> [THE TASK]: Every line of the listing below should be written out exactly, minus its images.
----------------
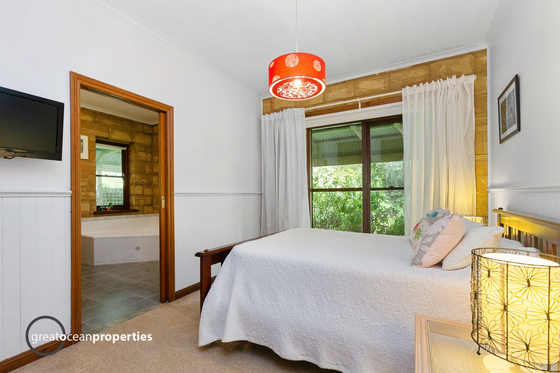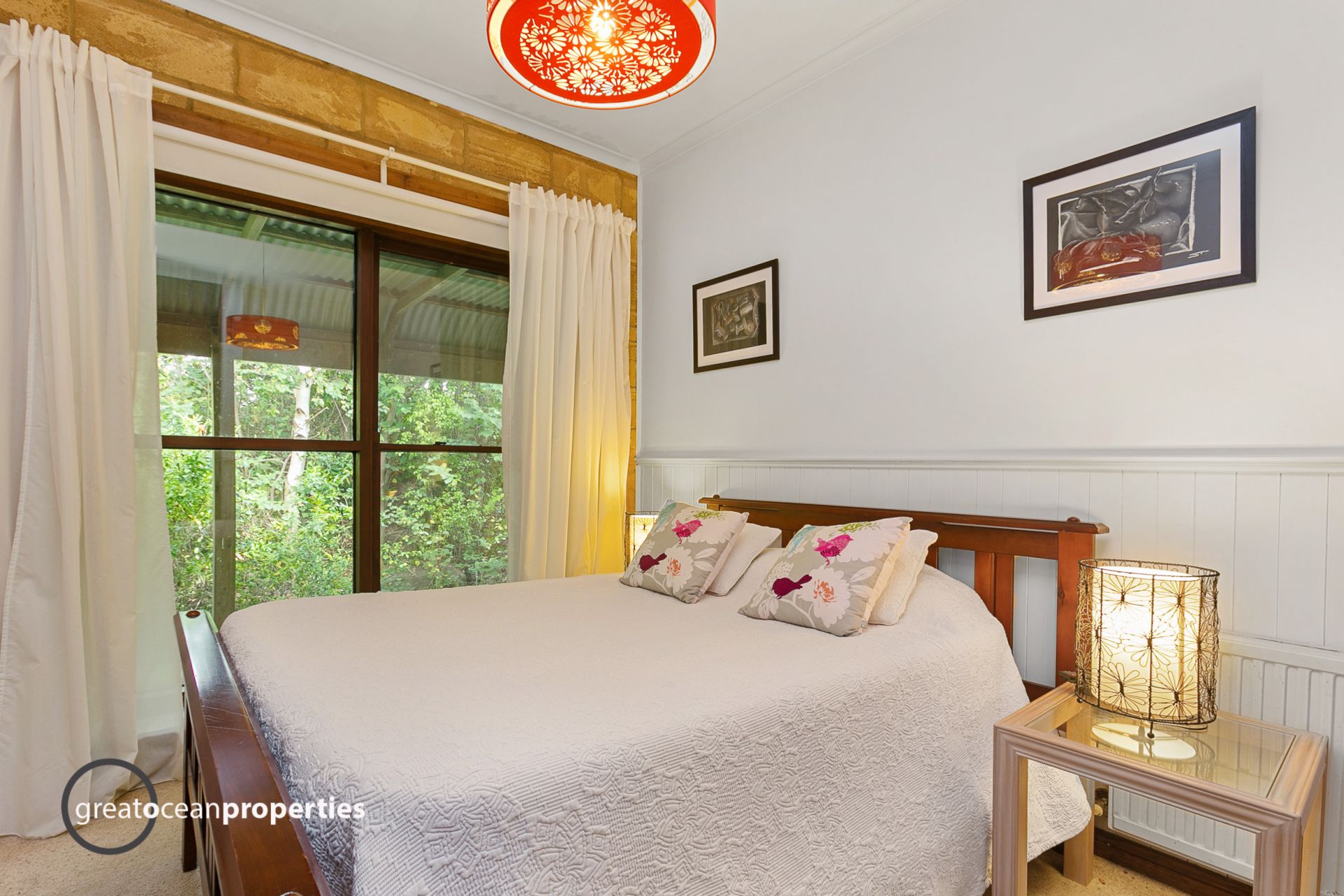 The bedroom wing leads off the living area, and two large double carpeted bedrooms with built in robes, dado blackwood panels and big windows to the verandah views.
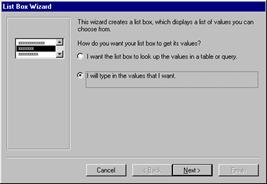 Deoarece vrem sa realiza un control care va afisa o lista fixa de valori, in prima caseta de dialog List Box Wizard se selecteaza optiunea "I will type in the values that I want" (vezi figura 44). Executati clic pe butonul Next pentru a continua.
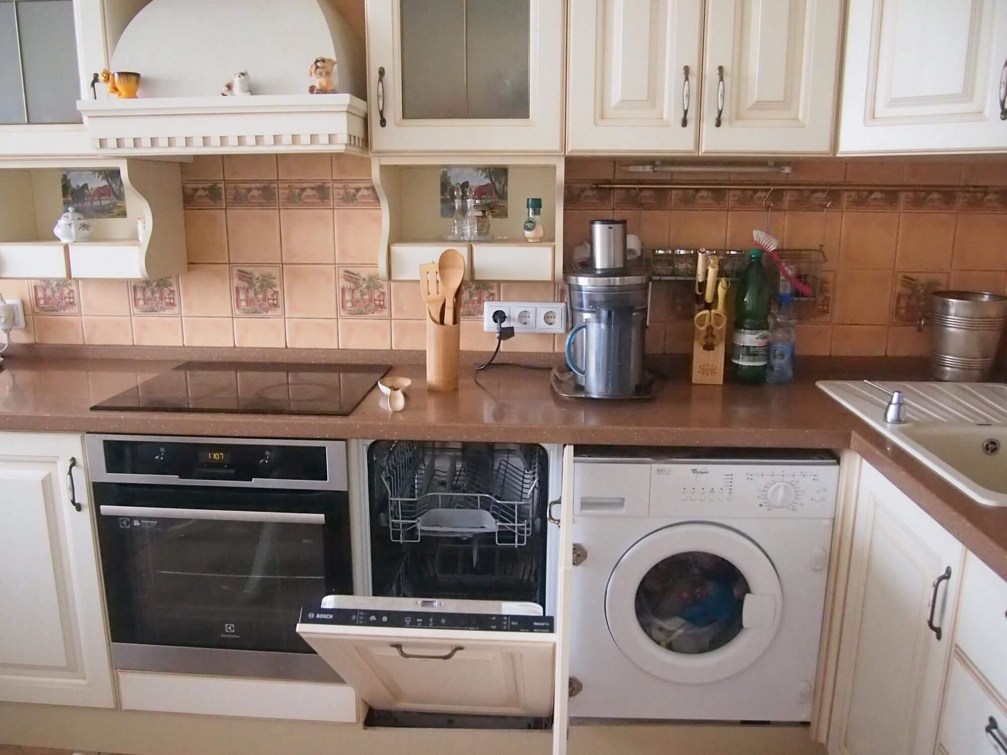 размещение на кухне освобождает пространство в ванной, что особенно важно, если она маленькая; размещение рядом с кухонной мойкой облегчает подключение агрегата к коммуникациям для набора и слива воды; легче разместить машину большого размера; прибор легко спрятать за кухонными фасадами так, что его вообще не будет видно. Недостатки:
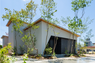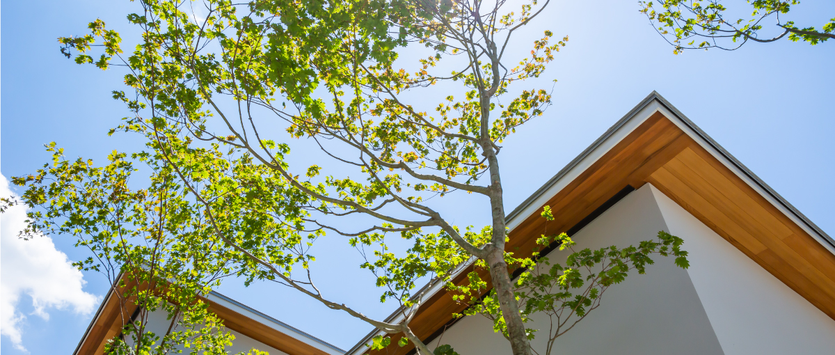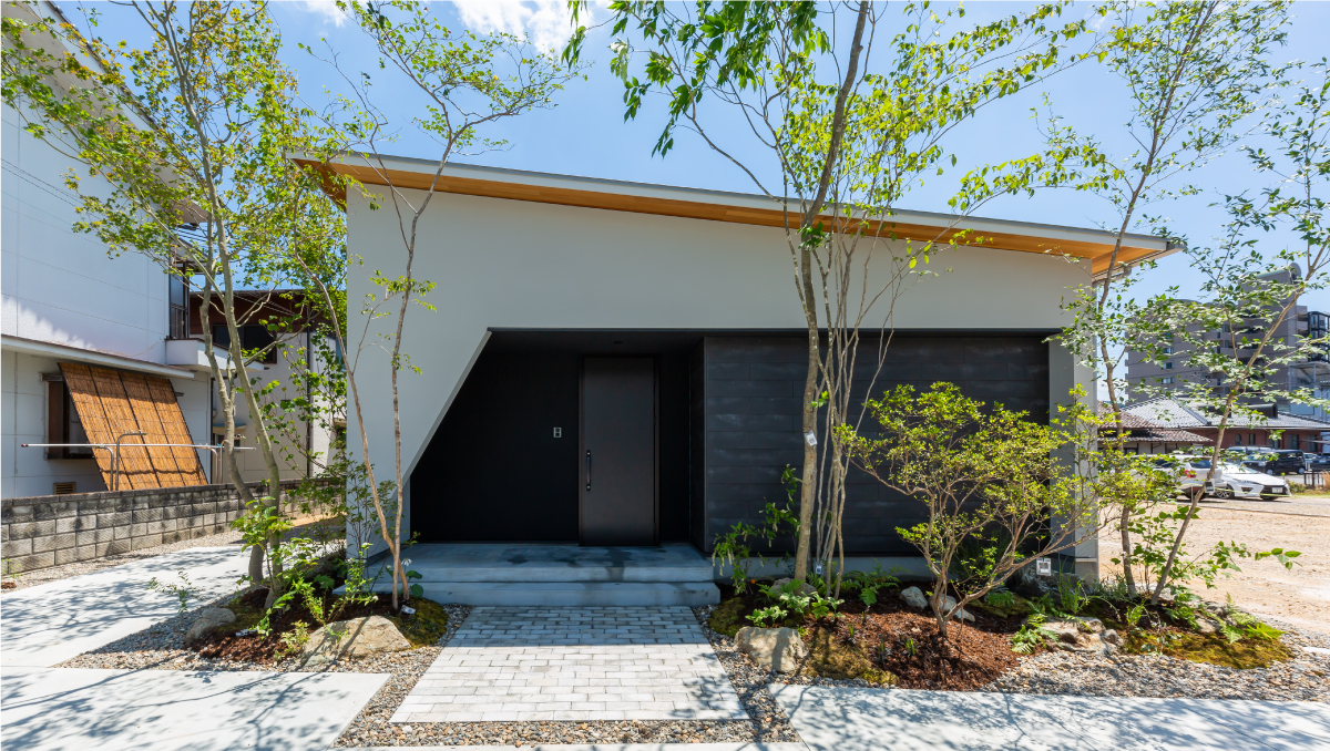 中庭を建物の中心に配置することで、色々なカタチの屋根が複合的に合わさり、平屋にありがちな単純なカタチとは程遠い立体的でスタイリッシュなデザインが生まれました。個性的な外観なのに、室内は落ち居着いた空間。このギャップにゲストの方もきっと驚かれるはずです。
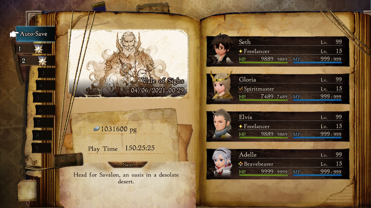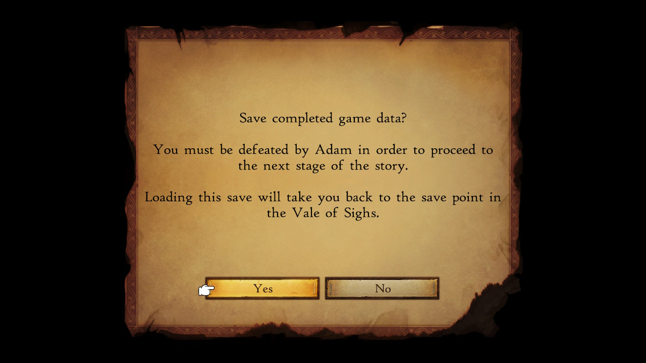ほらほら、前の記事で書いたじゃん。 ロード画面にAdam撃破エンド用の絵が用意されてるってやつ。 これ。いい画なんよなぁこれ。あの妖精がいないのもいい。Hologradチームって感じで。 Vale of sighsってこのAdamと戦う場所の名前だけど、この地名のつけ方好き。 Adam倒してしまった時のメッセージ。2段落目に書いてあるのがあーた空気読んで負けなあかんよ。って感じ。そこまでいうなら負けたことにしたらいいのにそうはならずにエンディングながすあたりが最高にBravery Default。 この時流れるエンディング見返してみたらちゃんと普通のエンディングと同じ人たちが流れてるんだね。主人公たちの声優(日本 英語)が順に並んでた。全く区切れなくダーッと流れていくから読む余裕全くないけど。 あとは時間軸逆転してるけど、1周目終了前のAddelle。うちのPTの攻撃面を一人でまかなっていた勇のもの。 Speedが違いすぎて2周目レベル引き継いだのに全然火力でんのよ。 PR Comments
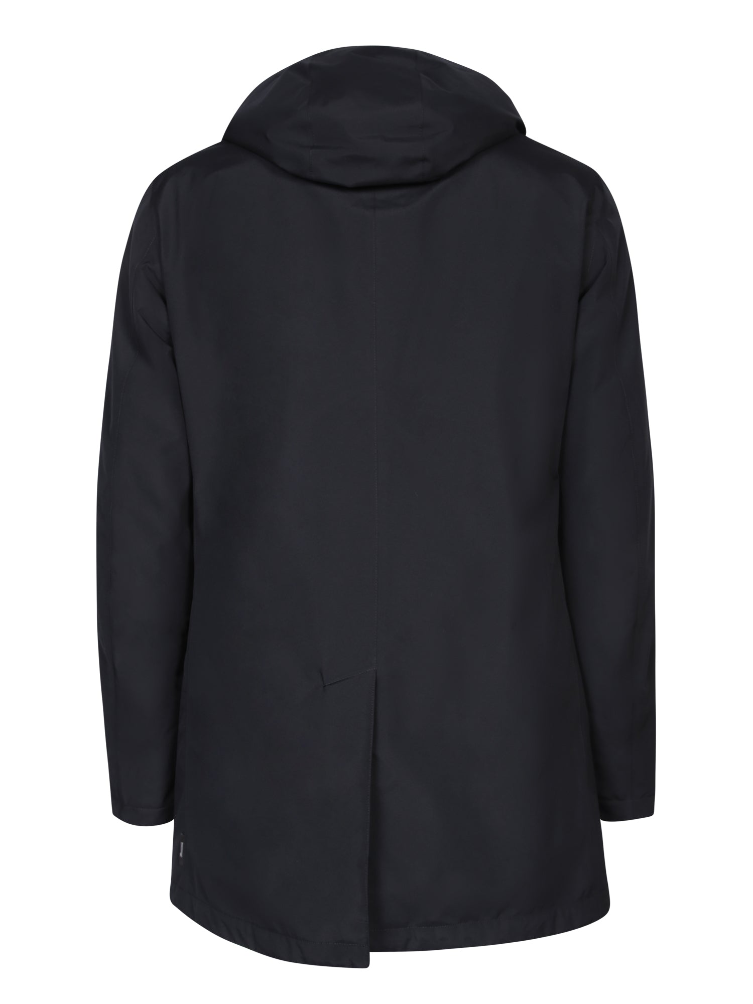 Three-quarter coat with concealed zipper and snap buttons. Adjustable collar with foldable hood. Flap side pockets.
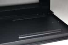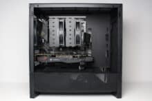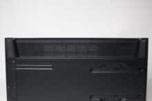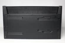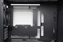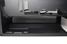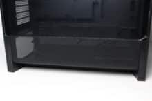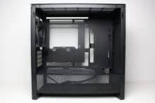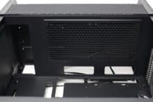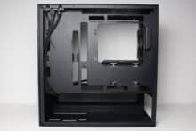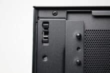 On the other hand, we noticed the small number of mounting slots for data carriers and the fact that the power supply unit can only be mounted with the fan facing upwards. Despite side ventilation openings in the lower area, there is a very high probability that the power supply and GPU will have to fight for fresh air with large graphics cards. Added to this is the extremely minimalist I/O panel and the somewhat thin material thickness in places.
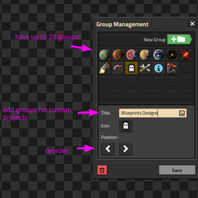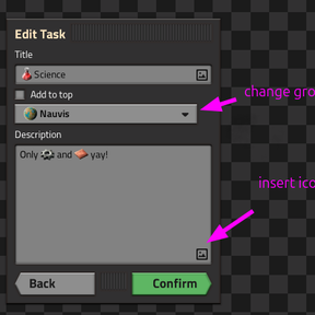 - Tasks - Create, delete, reorder, insert icons, and move tasks between groups.
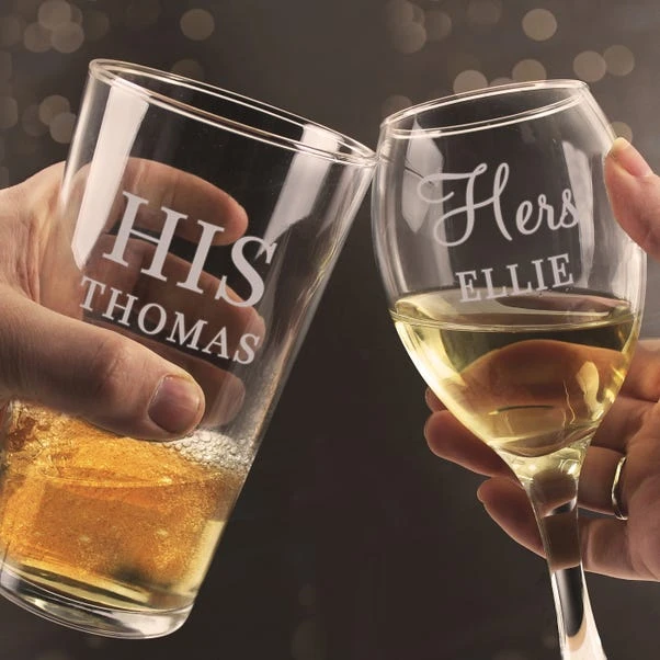 - Personalise this pint glass with a name up to 12 characters, you can also personalise the wine glass with up to 12 characters.
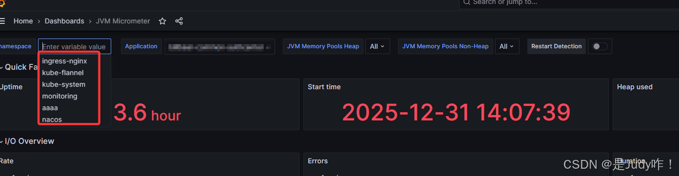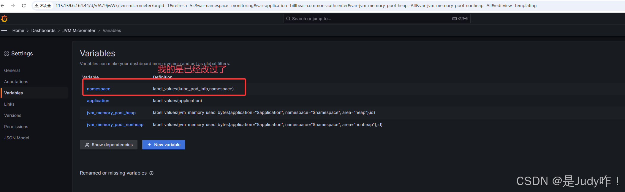 - 5.3、在编辑grafana的jvm监控面板变量设置即可下拉选取命名空间
----------------
> [TASK RESULT]:
 The bedroom wing leads off the living area, and two large double carpeted bedrooms with built in robes, dado blackwood panels and big windows to the verandah views.
 Deoarece vrem sa realiza un control care va afisa o lista fixa de valori, in prima caseta de dialog List Box Wizard se selecteaza optiunea "I will type in the values that I want" (vezi figura 44). Executati clic pe butonul Next pentru a continua.
 размещение на кухне освобождает пространство в ванной, что особенно важно, если она маленькая; размещение рядом с кухонной мойкой облегчает подключение агрегата к коммуникациям для набора и слива воды; легче разместить машину большого размера; прибор легко спрятать за кухонными фасадами так, что его вообще не будет видно. Недостатки:
 中庭を建物の中心に配置することで、色々なカタチの屋根が複合的に合わさり、平屋にありがちな単純なカタチとは程遠い立体的でスタイリッシュなデザインが生まれました。個性的な外観なのに、室内は落ち居着いた空間。このギャップにゲストの方もきっと驚かれるはずです。
ほらほら、前の記事で書いたじゃん。 ロード画面にAdam撃破エンド用の絵が用意されてるってやつ。 これ。いい画なんよなぁこれ。あの妖精がいないのもいい。Hologradチームって感じで。 Vale of sighsってこのAdamと戦う場所の名前だけど、この地名のつけ方好き。 Adam倒してしまった時のメッセージ。2段落目に書いてあるのがあーた空気読んで負けなあかんよ。って感じ。そこまでいうなら負けたことにしたらいいのにそうはならずにエンディングながすあたりが最高にBravery Default。 この時流れるエンディング見返してみたらちゃんと普通のエンディングと同じ人たちが流れてるんだね。主人公たちの声優(日本 英語)が順に並んでた。全く区切れなくダーッと流れていくから読む余裕全くないけど。 あとは時間軸逆転してるけど、1周目終了前のAddelle。うちのPTの攻撃面を一人でまかなっていた勇のもの。 Speedが違いすぎて2周目レベル引き継いだのに全然火力でんのよ。 PR Comments
 Three-quarter coat with concealed zipper and snap buttons. Adjustable collar with foldable hood. Flap side pockets.
 On the other hand, we noticed the small number of mounting slots for data carriers and the fact that the power supply unit can only be mounted with the fan facing upwards. Despite side ventilation openings in the lower area, there is a very high probability that the power supply and GPU will have to fight for fresh air with large graphics cards. Added to this is the extremely minimalist I/O panel and the somewhat thin material thickness in places.
 - Tasks - Create, delete, reorder, insert icons, and move tasks between groups.
 - Personalise this pint glass with a name up to 12 characters, you can also personalise the wine glass with up to 12 characters.
 - 5.3、在编辑grafana的jvm监控面板变量设置即可下拉选取命名空间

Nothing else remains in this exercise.